The Data Entry Paradox

Everyone, including this blog writer, has been touting the virtues of the vast troves of data already or soon to be available in the electronic health record (EHR), which will usher in the learning healthcare system [1, 2]. There is sometimes unbridled enthusiasm that the data captured in clinical systems, perhaps combined with research data such as gene sequencing, will effortlessly provide us knowledge of what works in healthcare and how new treatments can be developed [3, 4]. The data is unstructured? No problem, just apply natural language processing [5].

I honestly share in this enthusiasm, but I also realize that it needs to be tempered, or at least given a dose of reality. In particular, we must remember that our great data analytics and algorithms will only get us so far. If we have poor underlying data, the analyses may end up misleading us. We must be careful for problems of data incompleteness and incorrectness.

There are all sorts of reasons for inadequate data in EHR systems. Probably the main one is that those who enter data, i.e., physicians and other clinicians, are usually doing so for reasons other than data analysis. I have often said that clinical documentation can be what stands between a busy clinician and going home for dinner, i.e., he or she has to finish charting before ending the work day.

I also know of many clinicians whose enthusiasm for entering correct and complete data is tempered by their view of the entry of it as a data blackhole. That is, they enter data in but never derive out its benefits. I like to think that most clinicians would relish the opportunity to look at aggregate views of their patients in their practices and/or be able to identify patients who are outliers in one measure or another. Yet a common complaint I hear from clinicians is that data capture priorities are more driven by the hospital or clinic trying to maximize their reimbursement than to aid clinicians in providing better patient care.

Another challenge for clinicians is the time required for electronic data entry. There is no question that the 20th century means of clinical documentation, mostly consisting of scribbling illegible notes on paper, was much easier and faster than typing and/or clicking. While I think that few clinicians want to go back to hand-written notes, there is an appeal of their ease of use, at least for the person doing the entry.

Related to the time for electronic data entry is the “tension” between structured data, which makes aggregation and analysis easier, and “flexible” (or narrative) data, which allows the clinician to tell the story of the patient [6]. Many clinicians report that excess structuring of data (i.e., pointing and clicking) loses the story of the patient, although those who process the data know that structured data is easier to analyze.

An additional challenge for electronic data entry for clinicians is the shift of the focus from the patient to the computer. This was exemplified in a cartoon published earlier this year in JAMA that showed a 7-year-old’s sketch of an exam room with the physician hunched over the computer, his back turned away from the patient and her family [7] (the sketch viewable at http://jama.jamanetwork.com/article.aspx?articleid=1187932).

An excellent example of the promise but limitations of current data entry systems was recently documented by Parsons et al. [8], who found in a wide sample of primary care EHRs in New York City that the accuracy of data for measuring breast cancer screening quality measures was highly variable due to differing practices in documentation, workflow, and related factors.

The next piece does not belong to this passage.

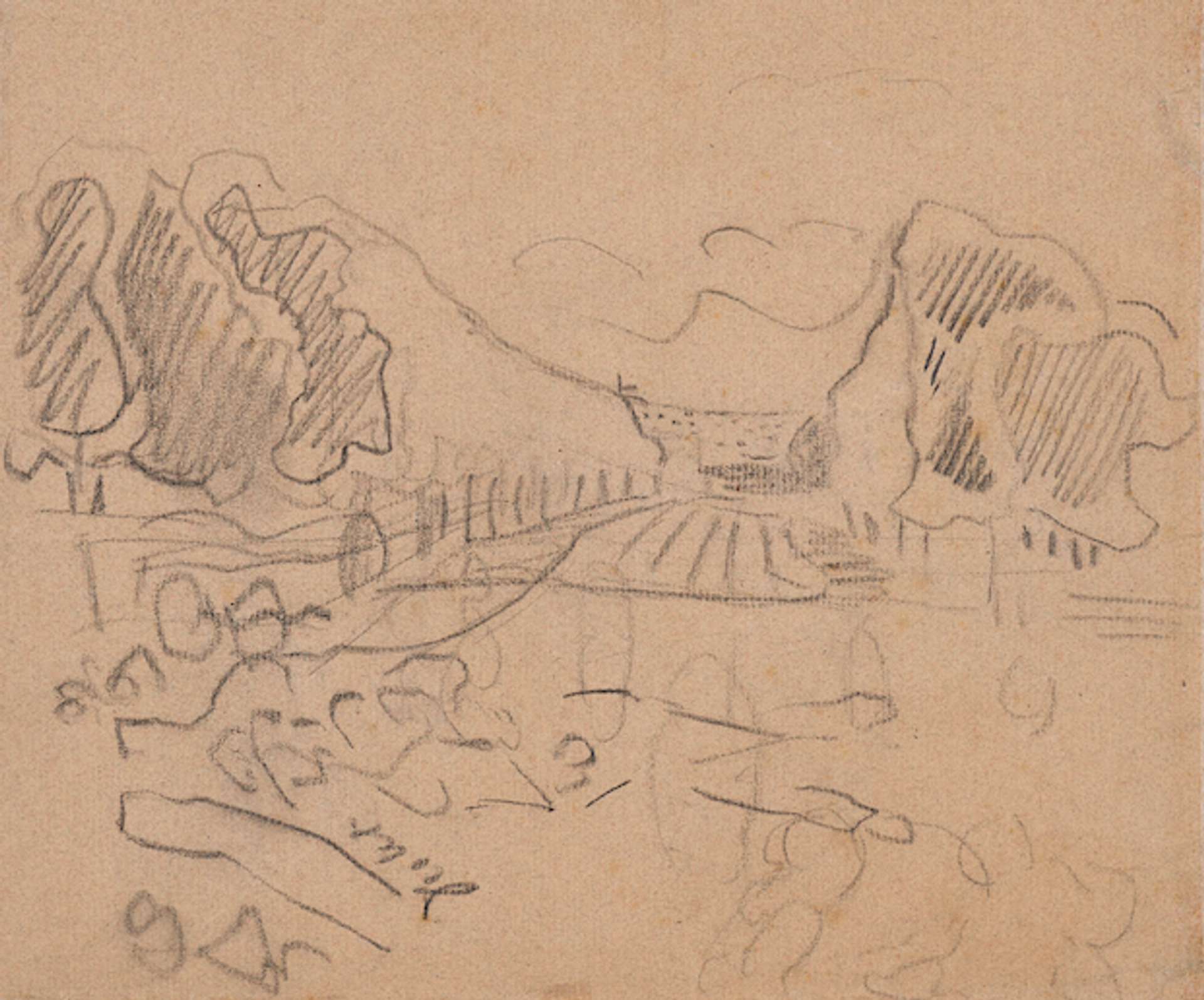 On the reverse of Pickers of Peas is a landscape sketch, depicting two rows of trees on either side of a field. Hills and a cloud are in the background.

While some physicians had the quality of their care measured accurately, for many others it was underestimated due to data limitations and not the care they provided.

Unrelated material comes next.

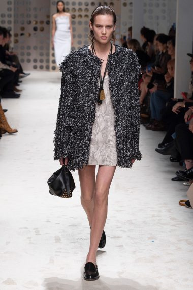 Completi in pelle color caramello e tubini in black leather con drappeggi e ancora stampe tartan o a rgihe sfilano alla Milano Fashion Week sulla passerella Primavera/Estate 2026 di Tod's.

I cannot claim to have easy answers to this grand challenge, but two related aspects of it sit in front of us:

  1. We need to find better and faster ways for clinicians to enter data into the EHR that allow data whose quality is good enough to be re-used for other purposes, such as research, quality measurement and improvement, and public health.
  2. We must reward clinicians for their efforts in entering high-quality data. We must allow them to see aggregate views of patients in their practices and be able to identify outliers. We must also engage them in research, quality improvement, and other system uses of their data.

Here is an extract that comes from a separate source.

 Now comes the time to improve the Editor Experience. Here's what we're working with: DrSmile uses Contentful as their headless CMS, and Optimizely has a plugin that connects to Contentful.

In short, the concept of “garbage in, garbage out” still remains a problem for computers and information technology nearly a half-century after it was coined. In healthcare, we must give clinicians the best tools and incentives for them to participate in the learning healthcare system. For informatics, the problem of data entry is a grand challenge every bit as important as how to make use of its growing quantity, since the knowledge derived from that data will only be as good as the quality of what is input.


1. Friedman, C., Wong, A., et al. (2010). Achieving a nationwide learning health system. Science Translational Medicine, 2(57): 57cm29. http://stm.sciencemag.org/content/2/57/57cm29.full.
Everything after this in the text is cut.